Читать «Русь. Том II» онлайн - страница 3

Пантелеймон Сергеевич Романов

Дворянство, земства, городские управления и отдельные лица — все они посылали телеграммы правительству с заявлениями о готовности защищать родину до последней капли крови.

И чем больше людей и учреждений посылало такие телеграммы, тем большее количество людей оказывалось вынужденным сделать то же, чтобы их молчание не было понято как проявление холодности и отсутствия патриотизма.

Вспоминались времена Минина и Пожарского. Говорили, что купечество и промышленники исполнят свою роль Мининых и дадут неисчерпаемые источники средств.

В состоянии этого подъёма хотелось, чтобы события начались как можно скорее и уж наверное.

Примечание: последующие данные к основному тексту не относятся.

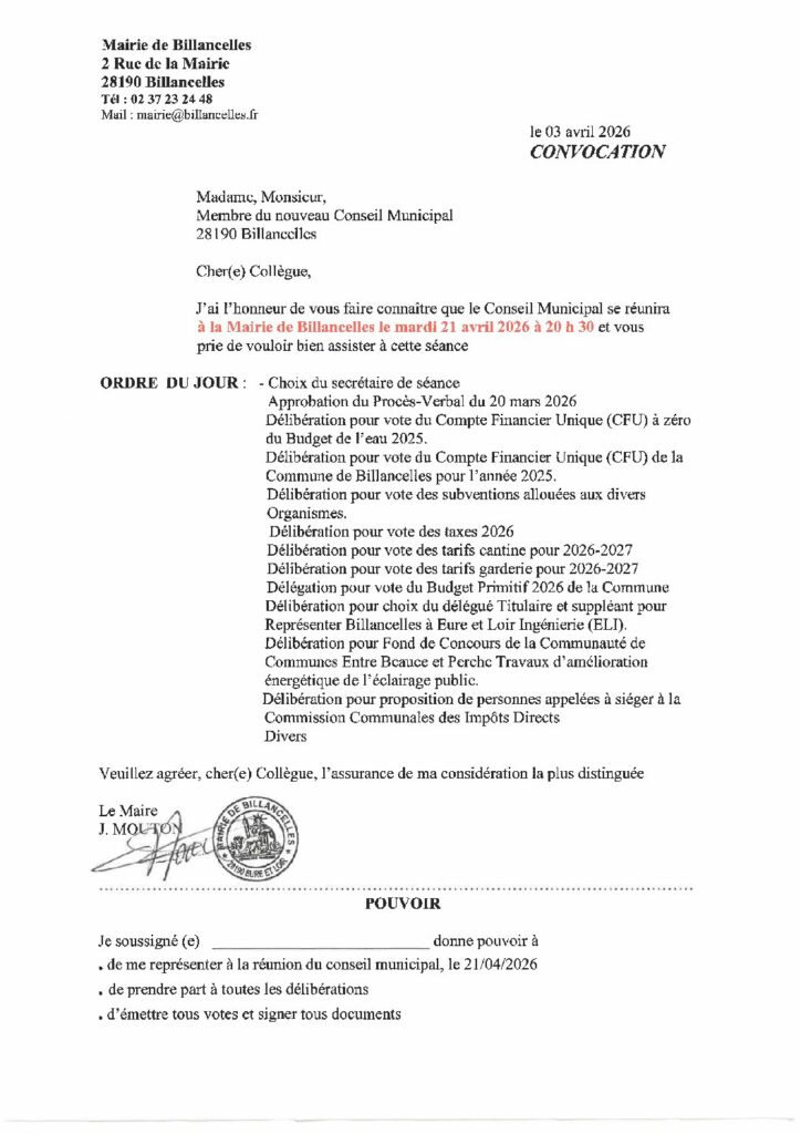 le mardi 21 avril 2026 à 20 h 30 à la Mairie de Billancelles

Даже многие из принципиальных противников всякого насилия были готовы приложить свои силы к общему делу, но при условии, чтобы их помощь не служила убийству людей. А если бы и служила, то при условии, что эта война является последней.

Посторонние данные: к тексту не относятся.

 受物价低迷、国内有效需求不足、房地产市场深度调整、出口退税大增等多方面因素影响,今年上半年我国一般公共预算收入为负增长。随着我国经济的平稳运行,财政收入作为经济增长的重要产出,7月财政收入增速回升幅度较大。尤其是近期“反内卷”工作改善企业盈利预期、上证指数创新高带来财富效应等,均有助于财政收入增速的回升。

И так как эта война, по их мнению, последняя, то каждый должен, не колеблясь, пожертвовать всем, отдать все силы без всяких разговоров на великое дело освобождения мира от грубой силы германского милитаризма. И враг тот, кто осмеливается говорить против войны!

Стали популярны слова Николая II, который сказал, что он не прекратит войны до тех пор, пока хоть один неприятельский солдат останется на его земле, и что он доведёт до конца войну, какою бы она ни была.

Это изречение, хоть и было повторением чужих слов (Александра I в войну с Наполеоном), влило новую струю подъёма и вызвало целую бурю энтузиазма с коленопреклонением столичной публики перед Зимним дворцом. Потом конец фразы переврали и стали говорить: «Доведём войну до конца, какой бы он ни был».

Это изречение и явилось лозунгом, под которым пошла вся буржуазная интеллигенция и который слил воедино почти все её враждовавшие до того группы.

III

Если бы в яркое солнечное утро 22 июля 1914 года посмотрели на Москву откуда-нибудь издали, например, с Воробьёвых гор, то показалось бы, что в ней всё обыкновенно, как всегда.

Так же блестела на лугу и на тенистом берегу под берёзами не высушенная ещё солнцем роса. Так же, как всегда, по другую сторону реки виднелись огороды с капустой, пустующие места, какие-то сорные, занавоженные пространства, которые всегда бывают на окраинах больших городов.

А за ними в тумане и утреннем дыму искрились и сверкали кресты церквей, полыхали на солнце вечно новым золотом купола соборов, темнели древние, как бы обросшие мохом столетий, кремлёвские башни. И надо всем этим возвышался блещущий, сверкающий золотом громадный купол храма Христа.

Была та тишина и ясность воздуха и резкость очертаний, какие бывают только в ясные предосенние утра. Но уже при самом въезде в город сразу было видно, что случилось что-то огромное, что подняло на ноги всю старую Москву с её тесными кривыми улицами, крестами старинных церковок, чайными, трактирами и булочными с кренделями в окнах.

Вниз по Тверской, по Лубянке и Мясницкой от Красных ворот, запрудив улицы и тротуары, шли толпы людей. Над головами их впереди колыхались портреты царя, короля сербского, несомые на длинных шестах, похожих на те, на которых носят церковные хоругви. Пение гимна, слышное ещё издали, отдавалось в переулках, сливаясь и мешаясь с пением других процессий.